By sticking to these guidelines when building data pipelines, and treating data engineering like software engineering, you can write well-factored, reliable and robust pipelines.

  1. Build an end-to-end test of the whole pipeline at the start
  • Don’t put any effort into what the pipeline does at this stage. Focus on infrastructure: how to provide known input, do a simple transform, test the output is as expected.
  • Use a regular unit testing framework like JUnit or pytest.

2. Use a small amount of representative data.

  • Small enough that the test can run in a few minutes at most.
  • Ideally the data is from your real (production) system (but make sure it is anonymized).

3. Prefer textual data formats over binary for testing

  • Data files should be diff-able, so you can quickly see what’s happening when a test fails.
  • You can check the input and expected outputs into version control and track changes over time.
  • If the pipeline only accepts or produces binary formats, then consider adding support for text in the pipeline itself, or do the necessary conversion in the test.

4. Ensure that tests can be run locally, in order to make debugging test failures as easy as possible.

  • Use in-process versions of the systems you are using, like Spark’s local mode, or HBase’s mini-cluster to provide a self-contained local environment.
  • Minimize use of cloud services in tests. They can provide a uniform environment, but may add friction in terms of provisioning time, debuggability, and access (e.g. users have to provide their own credentials for open source projects).
  • Run the tests under CI too, of course.

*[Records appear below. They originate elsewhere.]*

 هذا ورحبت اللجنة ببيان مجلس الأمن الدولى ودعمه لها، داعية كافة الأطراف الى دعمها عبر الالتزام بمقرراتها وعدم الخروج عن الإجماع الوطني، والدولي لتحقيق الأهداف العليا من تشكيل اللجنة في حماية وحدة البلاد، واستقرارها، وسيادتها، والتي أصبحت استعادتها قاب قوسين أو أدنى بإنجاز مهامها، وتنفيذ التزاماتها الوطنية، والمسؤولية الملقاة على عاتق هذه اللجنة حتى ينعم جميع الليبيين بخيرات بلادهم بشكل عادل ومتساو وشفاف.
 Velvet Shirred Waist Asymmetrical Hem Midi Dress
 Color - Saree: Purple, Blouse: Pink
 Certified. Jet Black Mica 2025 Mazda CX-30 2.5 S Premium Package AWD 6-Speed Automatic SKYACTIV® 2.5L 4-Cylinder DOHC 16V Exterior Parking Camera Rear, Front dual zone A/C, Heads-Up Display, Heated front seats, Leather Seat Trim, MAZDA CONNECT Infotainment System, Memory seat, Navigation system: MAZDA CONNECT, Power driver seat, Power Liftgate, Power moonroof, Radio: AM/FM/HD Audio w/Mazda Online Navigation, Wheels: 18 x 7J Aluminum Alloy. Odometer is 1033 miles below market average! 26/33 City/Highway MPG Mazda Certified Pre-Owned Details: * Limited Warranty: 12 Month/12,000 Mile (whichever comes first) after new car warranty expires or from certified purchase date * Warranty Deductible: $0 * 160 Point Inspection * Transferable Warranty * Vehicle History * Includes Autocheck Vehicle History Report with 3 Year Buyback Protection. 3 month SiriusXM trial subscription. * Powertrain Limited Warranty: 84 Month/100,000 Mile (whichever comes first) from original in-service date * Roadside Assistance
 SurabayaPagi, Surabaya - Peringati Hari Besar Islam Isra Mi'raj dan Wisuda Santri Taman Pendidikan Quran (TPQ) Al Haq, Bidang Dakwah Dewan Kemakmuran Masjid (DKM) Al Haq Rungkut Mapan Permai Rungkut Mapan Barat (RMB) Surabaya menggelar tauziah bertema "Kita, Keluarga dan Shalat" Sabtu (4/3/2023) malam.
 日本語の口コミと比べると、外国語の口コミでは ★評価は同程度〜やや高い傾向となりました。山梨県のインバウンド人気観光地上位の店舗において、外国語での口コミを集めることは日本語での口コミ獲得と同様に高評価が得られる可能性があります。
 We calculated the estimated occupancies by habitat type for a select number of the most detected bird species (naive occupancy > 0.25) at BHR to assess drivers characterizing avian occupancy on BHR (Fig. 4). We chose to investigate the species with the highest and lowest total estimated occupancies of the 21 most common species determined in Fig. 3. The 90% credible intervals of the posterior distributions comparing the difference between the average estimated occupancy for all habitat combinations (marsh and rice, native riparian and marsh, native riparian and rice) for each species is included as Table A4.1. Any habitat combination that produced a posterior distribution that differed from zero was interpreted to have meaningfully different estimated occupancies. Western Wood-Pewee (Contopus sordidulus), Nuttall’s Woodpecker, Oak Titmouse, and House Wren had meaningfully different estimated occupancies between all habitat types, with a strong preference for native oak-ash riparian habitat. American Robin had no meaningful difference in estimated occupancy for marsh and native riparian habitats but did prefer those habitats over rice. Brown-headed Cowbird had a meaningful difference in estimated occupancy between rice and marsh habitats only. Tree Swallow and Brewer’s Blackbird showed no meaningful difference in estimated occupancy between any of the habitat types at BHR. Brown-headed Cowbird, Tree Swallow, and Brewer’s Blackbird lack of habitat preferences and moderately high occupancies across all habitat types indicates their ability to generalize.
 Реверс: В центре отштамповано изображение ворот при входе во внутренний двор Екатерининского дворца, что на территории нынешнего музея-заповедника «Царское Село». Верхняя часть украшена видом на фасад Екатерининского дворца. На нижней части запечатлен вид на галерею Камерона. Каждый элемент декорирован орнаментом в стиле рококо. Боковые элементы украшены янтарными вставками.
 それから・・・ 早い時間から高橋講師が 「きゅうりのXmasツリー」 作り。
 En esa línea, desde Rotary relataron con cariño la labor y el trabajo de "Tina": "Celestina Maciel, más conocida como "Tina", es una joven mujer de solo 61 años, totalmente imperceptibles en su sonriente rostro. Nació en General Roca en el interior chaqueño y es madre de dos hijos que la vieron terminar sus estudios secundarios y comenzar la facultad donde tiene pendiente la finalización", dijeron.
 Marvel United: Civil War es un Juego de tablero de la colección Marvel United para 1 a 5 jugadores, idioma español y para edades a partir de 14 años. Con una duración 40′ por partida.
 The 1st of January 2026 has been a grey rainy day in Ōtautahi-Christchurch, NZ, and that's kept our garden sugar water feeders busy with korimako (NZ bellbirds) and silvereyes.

5. Make tests deterministic

  • Sometimes the order of output records doesn’t matter in your application. For testing however you may want an extra step to sort by a field to make the output stable.
  • Some algorithms use randomness — e.g. a clustering algorithm to choose candidate neighbors. Setting a seed is standard practice, but may not help in a distributed setting where workers perform operations in a non-deterministic order. In this case consider running that part of the test pipeline with a single worker, or seeding per data partition.
  • Avoid variable time fields from being a part of the output. This should be possible by providing fixed input, otherwise consider mocking out time, or post-processing the output to strip out time fields.
  • If all else fails, match outputs by a similarity measure rather than strict equality.

6. Make it easy to add more tests

  • Parameterize by input file so you can run the same test on multiple inputs.
  • Consider adding a switch that allows the test to record the output for a new edge case input, so you can eyeball it for correctness and add it as expected output.

--

--